However she had not counted on the peculiar ingenuity, character and dogged courage of so many Australian men, some hardly more than boys, when confronted with impossible odds. She watched and marvelled how in the midst of brutal chaos men held each other as they died, kissed photos of their loved ones, dragged their mates to safety, railed against the stupidity of their superiors, and played two up or football in no-man’s land, taunting death which often took them even at play.
How these men kept their humanity and became gods seemed miraculous even to her. It was a Turkish captain who told an English officer as they went to collect their dead in no-man’s land, ‘At this spectacle even the most gentle must feel savage, and the most savage must weep.’*
Athena, through her most recent mortal manifestation as a modern woman in 2010, had access to the written account of her grandfather’s experience of the landing and the first few days afterwards. In it he tells of the savage killing that took him to the brink of insanity. He wrote:
A melee took place between us and the enemy on Tuesday morning and it was a shocking affair, yells and groans and curses mingled with the crack of rifles and revolvers and men stabbing and clubbing each other to death. Might was right in that “do” and we hacked our way through them and back again, no time to see to the wounded, it was kill or be killed and we killed. This was however just a minor “scrap” only about 150 men were laid out and……..
He wrote to his sweetheart the following:
Imagine a ridge sloping towards the enemy(who were close) covered with shrubs about 2ft high on the top of this Ridge, the remains of as brave a lot of men as ever stepped.
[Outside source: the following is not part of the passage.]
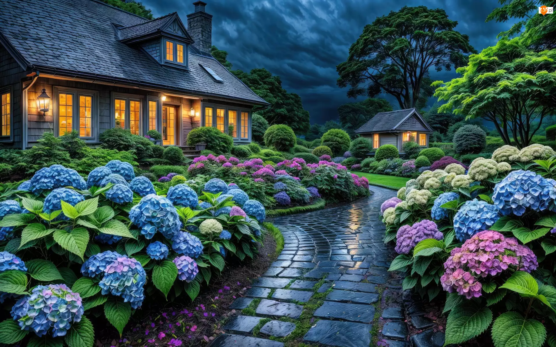 Oświetlony, Kwiaty, Chmury, Dom, Drzewa, Chodnik, Hortensje

Billy was dead, Steen was dead, dead men lying in grotesque attitudes covered with reddish black blood which was oozing from them. Heads, arms, and legs to be picked up or one would kick a hand or face as one moved. These poor devils were raving mad (badly wounded) singing songs and cursing the Turks. When I saw Bill and Steen I swore and cursed long and badly for the first time. It relieved some of the devil in me that was making me madder every second.
Later he came to the end to his Gallipoli campaign:
I seemed to have a charmed life as on my right and on my left next to me men fell but I was just about to take cover as they were machine gunning us when a shell burst near me and I was done. I am indebted to the signaller who was with me for saving my life, he dragging me back out of the “Scrap” and seeing with the assistance of my Sergeant that I was taken to the beach.
A final letter to his soon to be wife Alma said:
We have had love’s young dream to the fullest sense while we were together. But I’m afraid you will find me changed, not in my love for you, never! but I don’t care to joke. I’ve been through hell and it’s left an impression, a lasting one…pray for me, I need it.
He then concluded with a sobering final sentence:
The Colonel had the Battalion mustered 3 days after the landing; 98 men I am told answered the call out of 960. I think the First Battalion has done its bit.
*caption to photo in Les Carlyon’s classic book Gallipoli 2001
Other quotes in the above post are from the personal papers and letters of E.V. Timms, some of which were also published in 1996 in The Distaff Side by Jessica Scotford his daughter.
E. V. Timms came back at the age of 20 to his mother and his stepfather the Rev. Angus King, minister of St David’s church in Haberfield, to be feted as a hero. He could not bear such attention so he fled the manse (the house next to the church where his family lived) and went to stay with the family of his fiance Alma McRobert, in Summer Hill until they were married.
He suffered from hearing loss, periods of deep depression and bouts of rage, no doubt the result of the neurological and psychological trauma he’d experienced. With the love and help of his wife and family and his own courage and determination he became a writer of short stories, radio and film scripts and 20 books including the Australian saga of 11 bestselling romantic historical novels. He served in the Second World War as the Officer in charge of the Italian section of the notorious POW camp at Cowra. (And that’s another story). After his death at the age of 60, his wife Alma completed the 12th novel in the saga and went on to write another novel of her own.